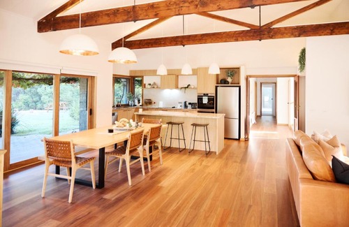 Yarradene Luxury Healesville Farmstay is a recently renovated vacation home in Healesville where guests can make the most of the garden and terrace. This property offers access to a patio, a pool table, free private parking, and free Wifi. On clear days, guests can head outside to enjoy the vacation home's outdoor fireplace or simply kick back and relax. Offering a balcony and mountain views, the spacious vacation home includes 4 bedrooms, 3 living rooms, flat-screen TV, an equipped kitchen, and 3 bathrooms with a shower. A private entrance leads guests into the vacation home, where they can enjoy some wine or champagne and chocolates or cookies. There's also a seating area and a fireplace. There is an on-site bar, and during warmer months you can make use of the barbecue facilities. Guests at the vacation home will be able to enjoy activities in and around Healesville, like cycling and hiking. An indoor play area is also available for guests at Yarradene Luxury Healesville Farmstay. The Heritage Golf & Country Club is 20 miles from the accommodation, while Dandenong Ranges Botanic Garden is 26 miles from the property. Essendon Fields Airport is 45 miles away.
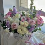 Гортензия - 7 шт. Дельфиниум - 2 шт. Маттиола - 7 шт. Роза - 10 шт. Кустовая роза - 6 шт. Хризантема - 10 шт. Диантус - 10 шт. Ранункулюс - 9 шт. Эвкалипт Baby Blue - 10 шт.
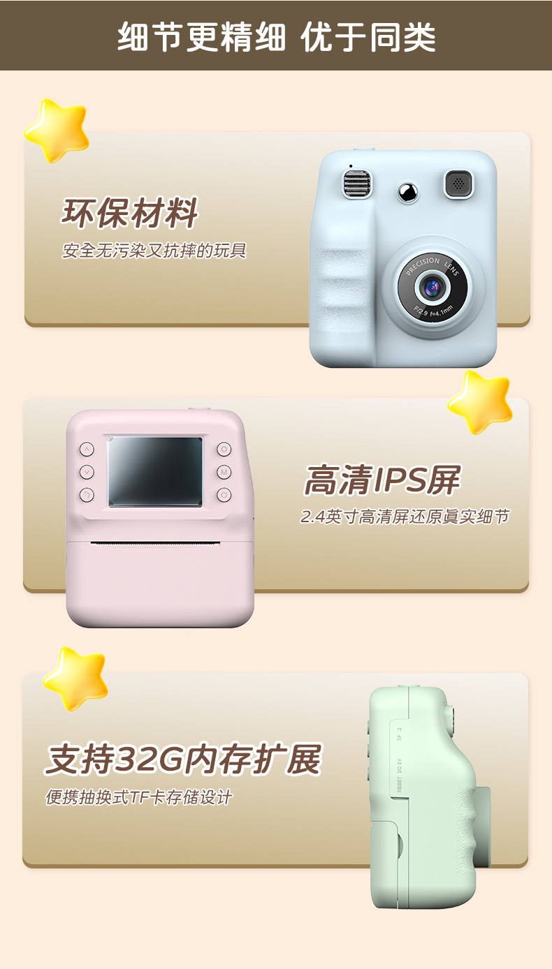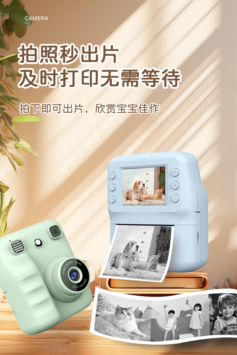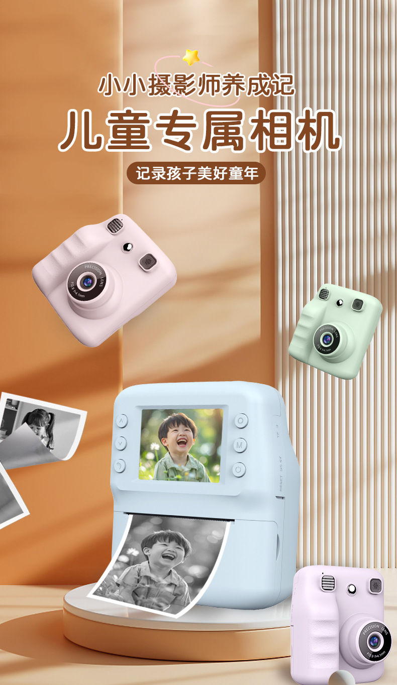새로운 국경 간 즉석 사진 휴대용 열 인쇄 카메라 미니 패션 어린이 선물 카메라 즉시 인쇄

**Task description:** Set down all of the material word for word, minus its pictures.

**Response:**
 Yarradene Luxury Healesville Farmstay is a recently renovated vacation home in Healesville where guests can make the most of the garden and terrace. This property offers access to a patio, a pool table, free private parking, and free Wifi. On clear days, guests can head outside to enjoy the vacation home's outdoor fireplace or simply kick back and relax. Offering a balcony and mountain views, the spacious vacation home includes 4 bedrooms, 3 living rooms, flat-screen TV, an equipped kitchen, and 3 bathrooms with a shower. A private entrance leads guests into the vacation home, where they can enjoy some wine or champagne and chocolates or cookies. There's also a seating area and a fireplace. There is an on-site bar, and during warmer months you can make use of the barbecue facilities. Guests at the vacation home will be able to enjoy activities in and around Healesville, like cycling and hiking. An indoor play area is also available for guests at Yarradene Luxury Healesville Farmstay. The Heritage Golf & Country Club is 20 miles from the accommodation, while Dandenong Ranges Botanic Garden is 26 miles from the property. Essendon Fields Airport is 45 miles away.
 Гортензия - 7 шт. Дельфиниум - 2 шт. Маттиола - 7 шт. Роза - 10 шт. Кустовая роза - 6 шт. Хризантема - 10 шт. Диантус - 10 шт. Ранункулюс - 9 шт. Эвкалипт Baby Blue - 10 шт.
새로운 국경 간 즉석 사진 휴대용 열 인쇄 카메라 미니 패션 어린이 선물 카메라 즉시 인쇄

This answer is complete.